The bpf verifier is just plain broken when it comes to subreg usage. So after every 32bit usage you need to output a zero extend. To fix that.
Let me correct the title since phiopt has nothing to do with the issue at hand. It is the subreg with bitwise and that confuses the verifier.

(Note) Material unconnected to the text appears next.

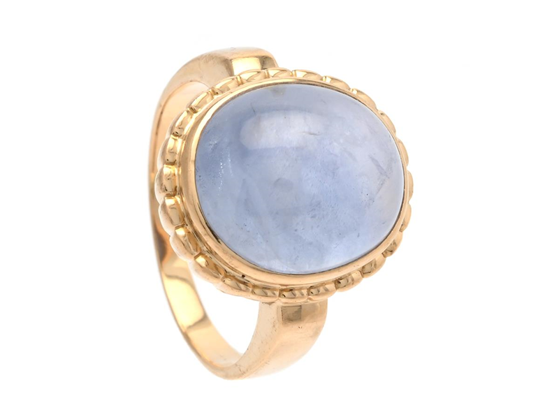 RING, 18K gold, cabochon cut light sapphire approx. 13x10,7x8 mm, size 17,25 mm, weight 8,1 g, case.

Thanks. The new title is way better. And thank you for the further analysis and the reproducer that also makes clang to generate the no-verifiable code! I wonder, is the issue also there when -mno-alu32 is used? In that case the generated code doesn't involve "subregs" (or 32-bit operations in assembly-like syntax): .file "foo.c" .text .align 3 .global foo .type foo, @function foo: call bar lddw %r1,baz mov %r0,%r0 and %r0,0xffffffff ldxw %r2,[%r1+0] add %r0,-1 neg %r2 xor %r0,%r2 rsh %r0,63 exit .size foo, .-foo .global baz .type baz, @object .lcomm baz,4,4 .ident "GCC: (GNU) 14.0.1 20240226 (experimental)" Cuper, is the verifier able to track proper values through the xor in this case?